Learning-based methods. Thanks to the rapid development of deep learning technology in recent years, learning-based methods are considered to be a promising direction for solving the task of path planning. Reinforcement learning has always been a powerful tool for solving planning problems, and it successfully solves the path planning problem, in which the agent completes the task through repeated trial and error. ORCA^[35] adjusts the speed, size, and direction of agents online to avoid collision. On the separately planned single agent path, recent works have focused on the obstacle avoidance method of reinforcement learning. Refs. [15, 16] proposed a hybrid learning-based method called PRIMAL for multi-agent path finding that integrated imitation learning and multi-agent reinforcement learning. In addition, there is a method of reinforcement learning combined with evolutionary thought. The approaches^{[15, 16]} did not consider interrobot communication and thus, did not exploit the full potential of the decentralized system^[20]. In other words, communication is important, especially for decentralized approaches, and it is difficult to fully estimate the intention of adjacent decision agents without communication. Ref. [18] used CNN to extract adequate features from local observations and use graph neural network (GNN) to transfer these features between all agents. Then, the model is trained offline by imitating the expert algorithm, and the model is used online for decentralized planning involving only local communication and local observation. Ref. [19] believed that vanilla GNN relies on a simple message aggregation mechanism, which hinders the agent from prioritizing important information. Therefore, they extend the previous work that uses vanilla GNNs to graph attention network (GAT). Their message-aware graph attention network (MAGAT) is based on a key-query-like mechanism that determines the relative importance of features in the messages received from various neighboring robots. Ref. [17] proposed a decentralized multi-agent collision avoidance algorithm based on deep reinforcement learning, in which introduces a strategy using LSTM that enables the algorithm to use observations of an arbitrary number of other agents instead of previous methods that have a fixed observation size.
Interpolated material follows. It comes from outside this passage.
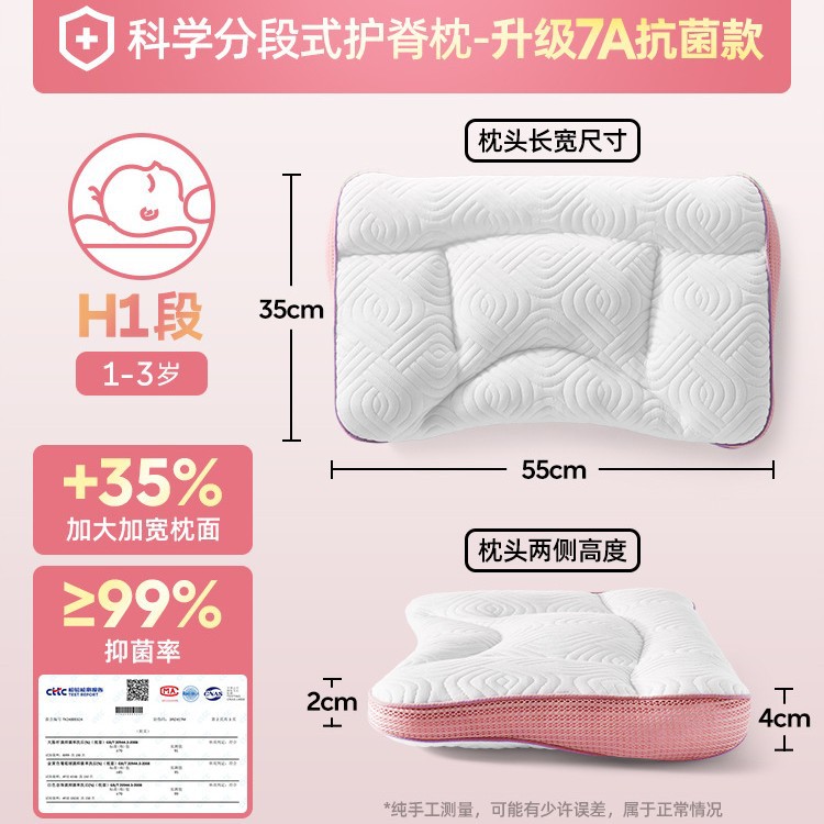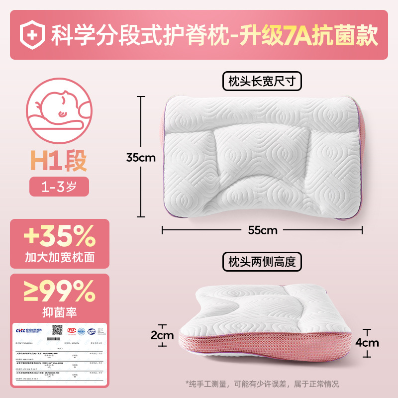 • H1 섹션 - 핑크 [1-3세에게 적합, 베개 높이 2/4cm] 확대 및 넓어짐 7A 항균

These previous works did not distinguish the importance of local information, so we need to distinguish the importance of local information to extract more impressive features used in the last decision process. Moreover, the approaches^[15–16] did not have the communication between agents and did not exploit the full environment to complete the task. This is different from Refs. [18, 19], which used a graph structure to transfer features between all agents. In contrast, only when some agents are very close do they communicate information with each other. Based on another fact, when the world is large, and the number of agents is large, it takes considerable time to build graphs and aggregate information on all agents. Therefore, in a large-scale environment, local communication will save a lot of time and respond quickly.
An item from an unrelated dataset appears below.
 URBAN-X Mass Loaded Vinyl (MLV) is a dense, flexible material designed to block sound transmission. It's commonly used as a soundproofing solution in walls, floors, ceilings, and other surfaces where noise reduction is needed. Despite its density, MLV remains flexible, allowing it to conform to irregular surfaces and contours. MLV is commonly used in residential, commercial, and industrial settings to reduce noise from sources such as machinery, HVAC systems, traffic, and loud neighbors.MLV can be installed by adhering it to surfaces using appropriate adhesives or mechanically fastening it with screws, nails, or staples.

In terms of training methods, we do not use imitation learning^{[15, 16, 18, 19]} and guidance path^{[17, 20]}. We use RL framework and design all rewards to control the process of path exploration. We believe that although these training skills can speed up the efficiency of agent exploration of the environment, they also greatly affect the quality of the agent strategy. Although we don’t use the above training skills, we also make an attempt to improve the efficiency of agent exploration. Inspired by the curriculum learning used in imitation learning, we divide the training process of the model into many steps, starting from relatively simple tasks to more complex tasks.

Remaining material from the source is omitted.